RGcrawler icon indicating copy to clipboard operation
RGcrawler copied to clipboard

A Scrapy crawler for ResearchGate

RGcrawler

A crawler for ResearchGate.

ResearchGate is a scientific social network that displays the publications, ciations and statistics of a given author.
This crawler is prepared to create, given an author ID, a set of authors and publications JSON files that can be easily exported into any programming language to further analyse.

Questions

How can I install it?
You'll need python2.7 and a UNIX based system (not tested in Windows).
As this is mostly focused on self usage and I don't want to screw with your system, I would recommend to install it in a python virtual environment (you can find a small guide on how to work with virtual enviroments here), but that's up to you...

cd project_folder
virtualenv venv
source venv/bin/activate
pip install git+git://github.com/jaumebonet/RGcrawler.git@master --process-dependency-links --allow-all-external --trusted-host github.com

This should do the trick. Remember that you'll need to call

source venv/bin/activate

every time before running the script and

deactivate

after finishing it...

How can I run it?
The only thing you need to type is:

python -m RGcrawler --authorID <author_id>

Where can I find the autor id?
When you look to one of your featured publications, the author id is the number that appears before your name in your name's link in the author list.
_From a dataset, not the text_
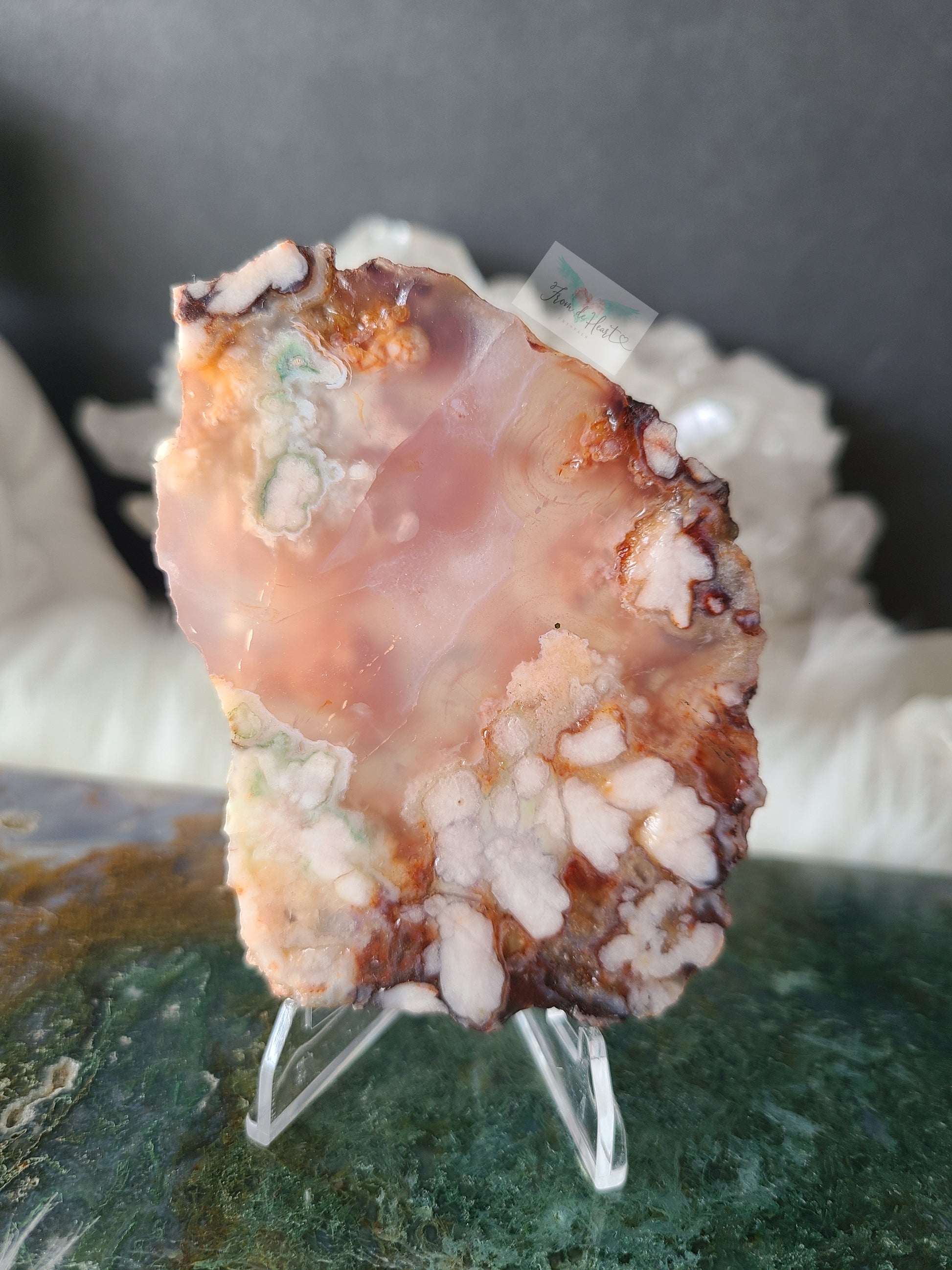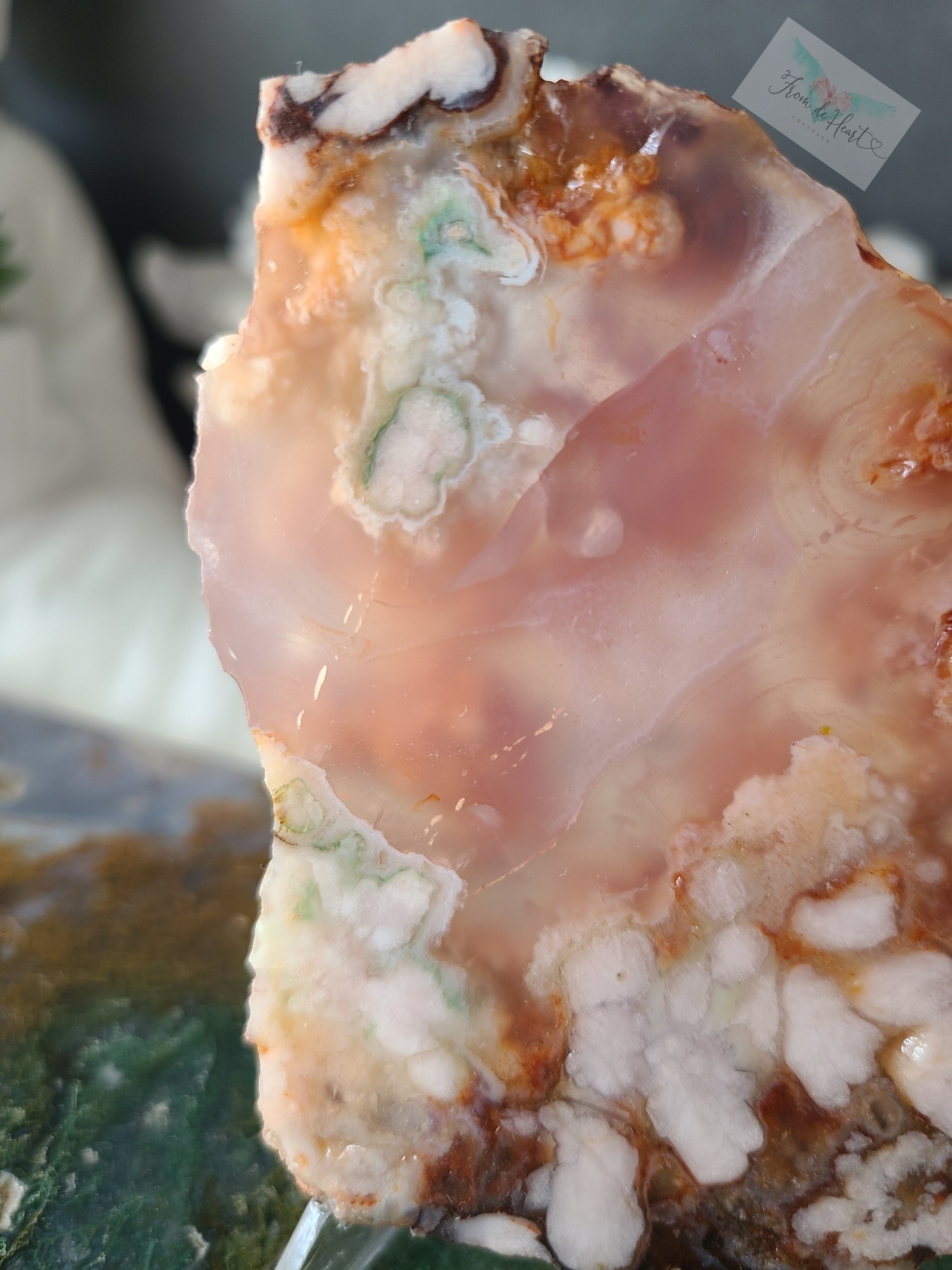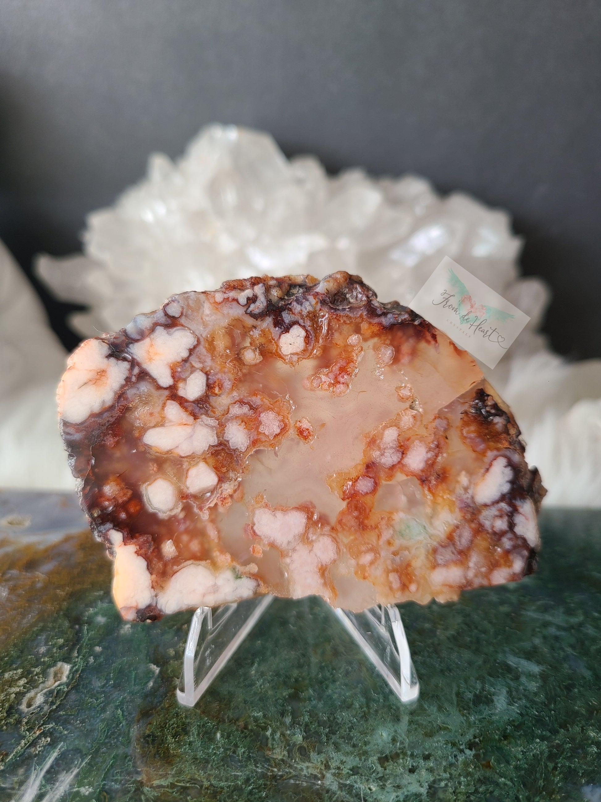 This listing is for (1) Carnelian Flower Agate slab. This slab has a pink and green flowers. The pop of green is wonderful contrast. This slab is polished front and back with uneven and unpolished edges.

Would this work with multiple authors?
Yes, you can create a script that queries multiple authors calling the program multiple times. If a called author is co-author with a previous called one, some of the data will be retrieved from the files and not requested online.

Can I be bloqued from RG?
No idea. Scrapping is not something web apps like. This is just a fix waiting for RG to release an API. If you query too many pages you might be bloqued for a while (that is, for example, what Google Scholar does), but I´ve never reached that limit with my (small) tests.

Why some authors are not recognised when I can see them in my browser? Well. Some authors have they profile configured in such a way that you can't actually see their profile unless you are logged to ResearchGate. I'm sure the identification cookies can be loaded so that it will look like you are connected, but I´m not going to get into this right now. But... you know... feel free to fork and build upon this!!

Will the library be updated regularly?
I'm basically using this to (semi)automatically update my CV. Thus, I cannot say. Of course, anybody is more than welcomed to fork and better this (there is soo much that can be improved!). Keep in mind that a scrapper totally depends on the web app layout, which means that any change in RG can invalidate the whole thing... just FYI.